TASK => Nothing but the lines from the one containing "Купить Магнитола 2din" through the end of the data below should appear in the answer, each exact and free of pictures.

DATA SUPPLIED =>
━━━━━━━━━━━━━━━━━━━━
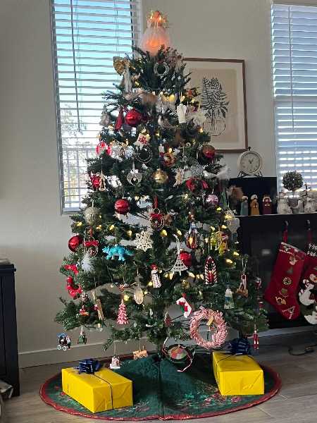 Free totes full of Christmas ornaments and decorations. The tree was loaded. Only most ornaments and extra strands of lights. We minimized this year.
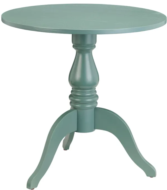 Add a touch of timeless charm to your space with this classic blue accent table. Featuring a round tabletop and a beautifully turned pedestal base, its sculptural silhouette blends traditional design with modern simplicity. The curved tripod legs enhance stability while adding graceful detail, all finished in a soft matte blue that brings depth and sophistication.Read More
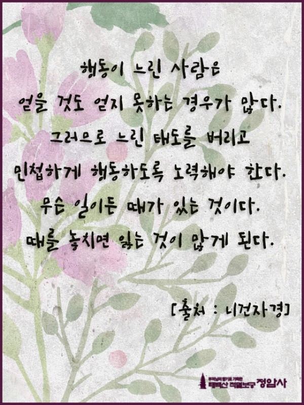 _()_ 붓다의 말씀 2024년 4월 - 행동이 느린 사람은 페이지 정보 작성자 정암사 작성일24-03-31 10:50 조회7,307회 댓글0건 본문 . 댓글목록 등록된 댓글이 없습니다. 이전글 다음글 목록
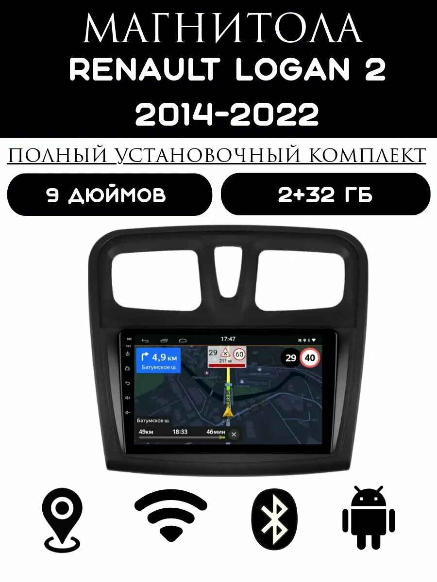 Купить Магнитола 2din 9 дюймов для автомобиля Renault Logan 2, 2+32GB, Android 11, Bluetooth, 4G с доставкой по всей России.
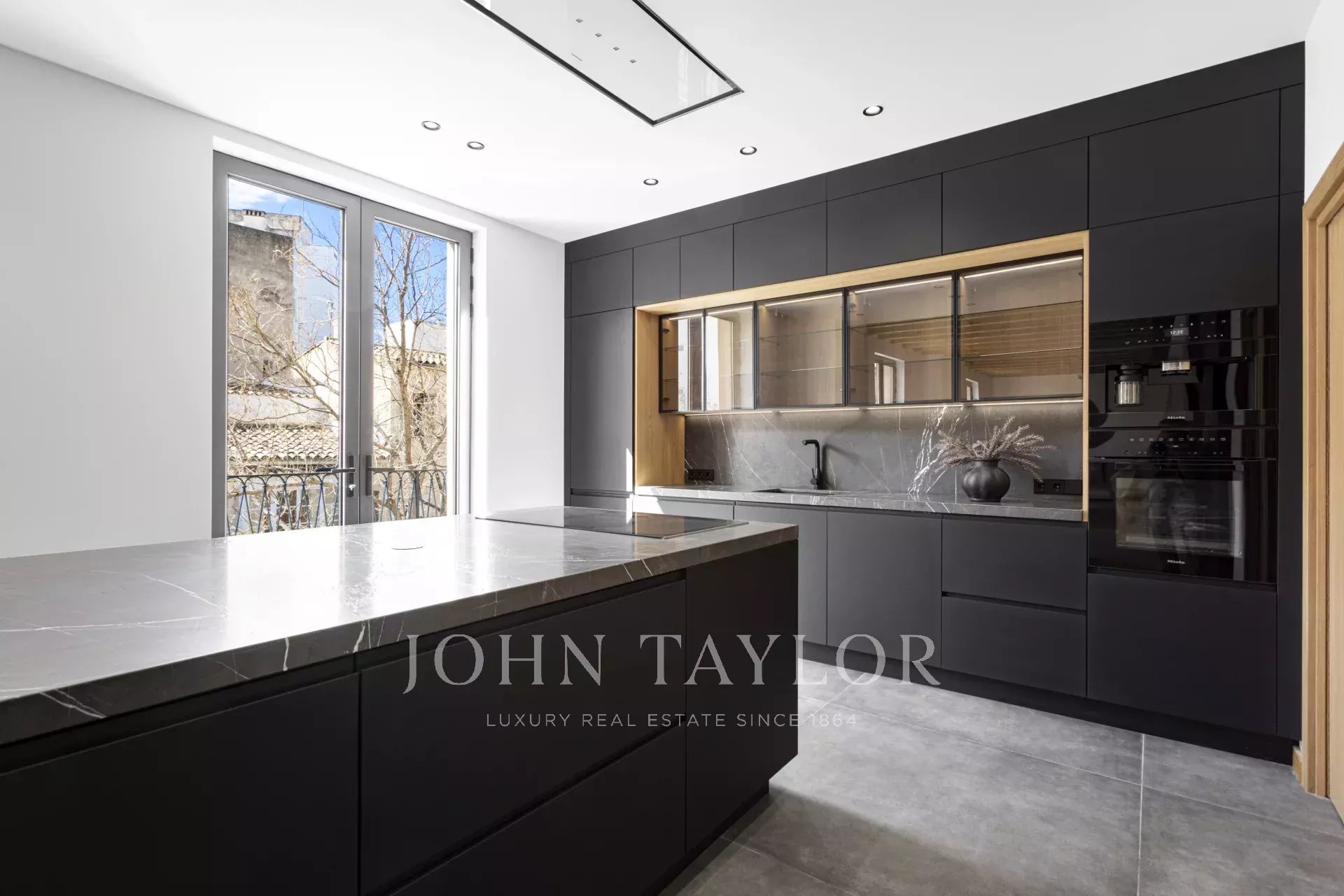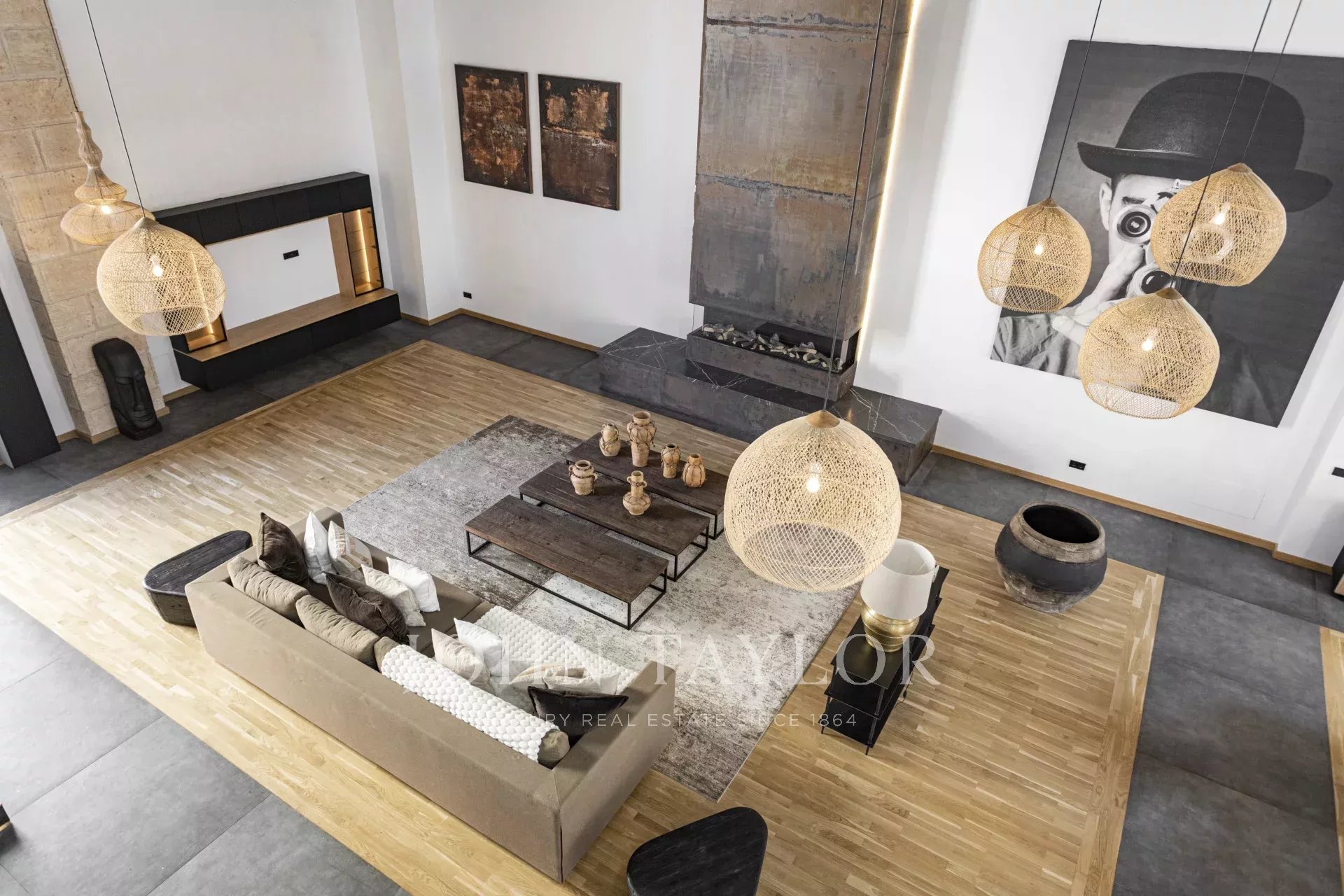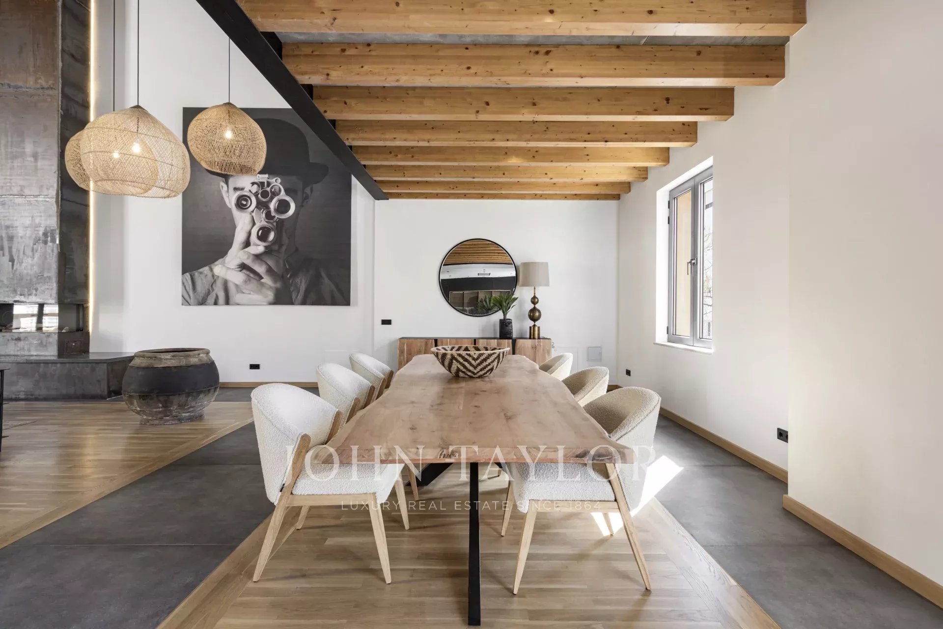 Upon entry, one is impressed by its 6.80 m2 high ceilings, immense natural light, and the space the property offers. The ground floor includes a magnificent 166 sqm open plan layout, including a fully fitted kitchen with an island and casual seating, a formal dining area, and a living area with an open fireplace.
━━━━━━━━━━━━━━━━━━━━
TASK RESPONSE =>
 Купить Магнитола 2din 9 дюймов для автомобиля Renault Logan 2, 2+32GB, Android 11, Bluetooth, 4G с доставкой по всей России.
 Upon entry, one is impressed by its 6.80 m2 high ceilings, immense natural light, and the space the property offers. The ground floor includes a magnificent 166 sqm open plan layout, including a fully fitted kitchen with an island and casual seating, a formal dining area, and a living area with an open fireplace.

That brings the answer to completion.